**Excerpted records:**
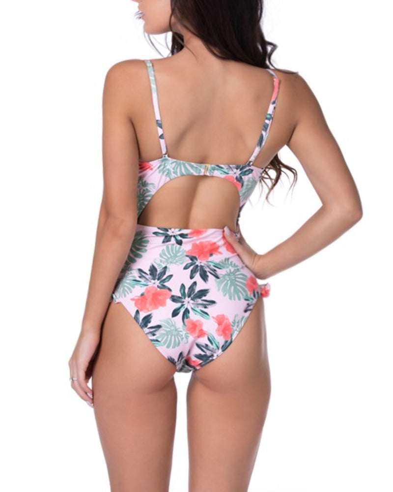 This one piece bikini is perfect to take on vacations! Pink floral one piece featuring ruffle trim, removable padded cups, adjustable shoulder straps, adjustable center bust tie, and back hook closure.
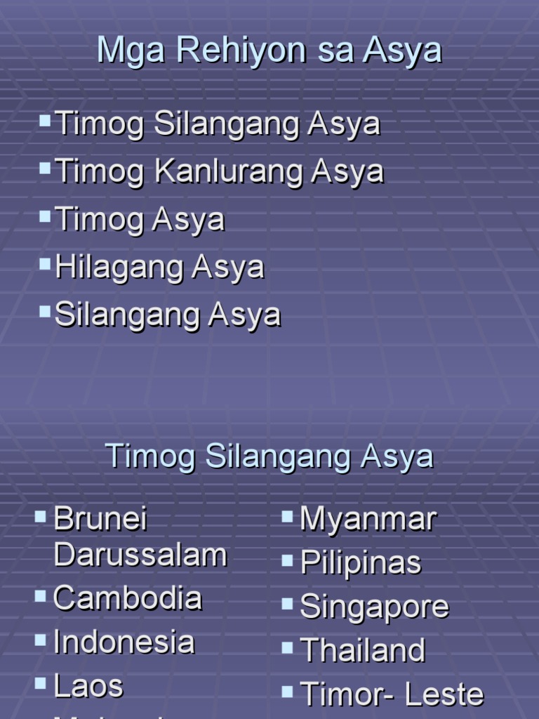Silangang Asya East Asia Timog-Silangang Asya South East Asia Timog Asya South Asia.
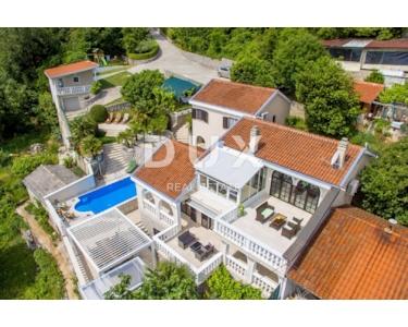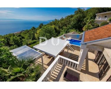 Diese wunderschöne Villa befindet sich in ruhiger Lage mit wunderschönem Blick auf die Kvarner Bucht. Es befindet sich auf einem gepflegten und eingezäunten Grundstück in der Nähe von Opatija. Die Gesamtwohnfläche der Villa mit Terrassen beträgt 430 m2 und befindet sich auf einem terrassierten Grundstück von 2000 m2. Es besteht aus 3 separaten Wohneinheiten, die teilweise durch Außentreppen verbunden sind. Die größte Einheit erstreckt sich über drei Etagen, die durch Innentreppen verbunden sind. Zahlreiche Terrassen ermöglichen es jedem, einen Platz für sich zu finden. Auf dem weitläufigen 2000 m2 großen Garten befinden sich ein Swimmingpool mit Meerblick, verschiedene Einrichtungen sowie Parkplätze. Korrekte Dokumentation und Eigentum. Eine ideale Immobilie für das Familienleben oder als Investition in ein bereits etabliertes touristisches Vermietungsgeschäft.
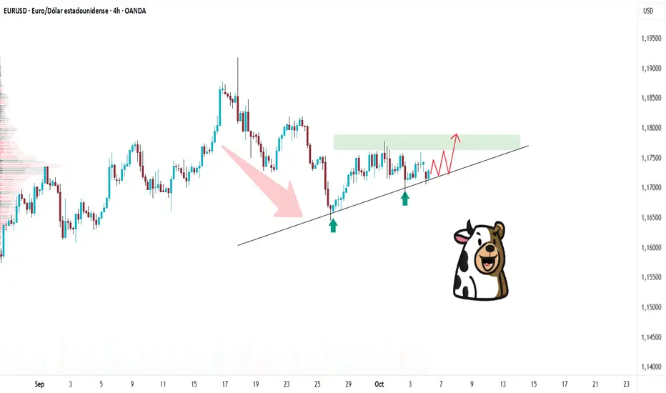 En este momento, EURUSD parece estar “parado en seco”, manteniéndose en un rango lateral alrededor de 1.1720 – 1.1790. En el gráfico H4, el precio rebota constantemente desde la línea de tendencia alcista, pero cada vez que toca la resistencia superior pierde fuerza. El mercado claramente está esperando un catalizador para explotar.
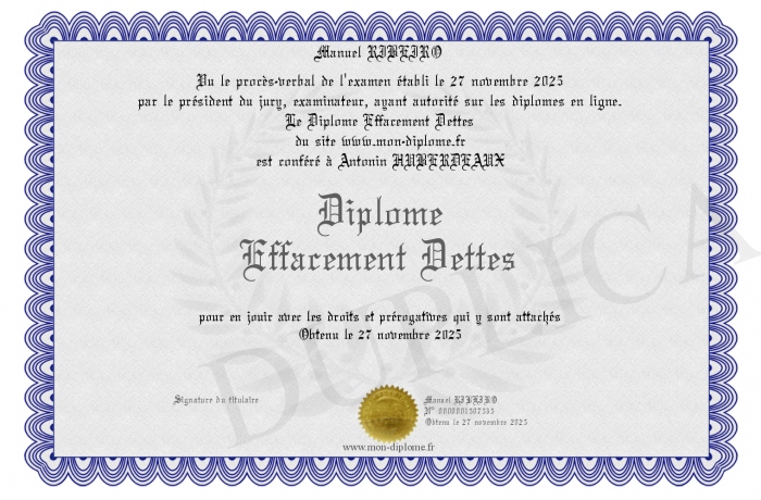 Envoyez par email votre Diplôme Effacement Dettes personalisé

**What to do:**
When printing the entries, leave out the images and keep everything else exact.

**Output for this exercise:**
 This one piece bikini is perfect to take on vacations! Pink floral one piece featuring ruffle trim, removable padded cups, adjustable shoulder straps, adjustable center bust tie, and back hook closure.
Silangang Asya East Asia Timog-Silangang Asya South East Asia Timog Asya South Asia.
 Diese wunderschöne Villa befindet sich in ruhiger Lage mit wunderschönem Blick auf die Kvarner Bucht. Es befindet sich auf einem gepflegten und eingezäunten Grundstück in der Nähe von Opatija. Die Gesamtwohnfläche der Villa mit Terrassen beträgt 430 m2 und befindet sich auf einem terrassierten Grundstück von 2000 m2. Es besteht aus 3 separaten Wohneinheiten, die teilweise durch Außentreppen verbunden sind. Die größte Einheit erstreckt sich über drei Etagen, die durch Innentreppen verbunden sind. Zahlreiche Terrassen ermöglichen es jedem, einen Platz für sich zu finden. Auf dem weitläufigen 2000 m2 großen Garten befinden sich ein Swimmingpool mit Meerblick, verschiedene Einrichtungen sowie Parkplätze. Korrekte Dokumentation und Eigentum. Eine ideale Immobilie für das Familienleben oder als Investition in ein bereits etabliertes touristisches Vermietungsgeschäft.
 En este momento, EURUSD parece estar “parado en seco”, manteniéndose en un rango lateral alrededor de 1.1720 – 1.1790. En el gráfico H4, el precio rebota constantemente desde la línea de tendencia alcista, pero cada vez que toca la resistencia superior pierde fuerza. El mercado claramente está esperando un catalizador para explotar.
 Envoyez par email votre Diplôme Effacement Dettes personalisé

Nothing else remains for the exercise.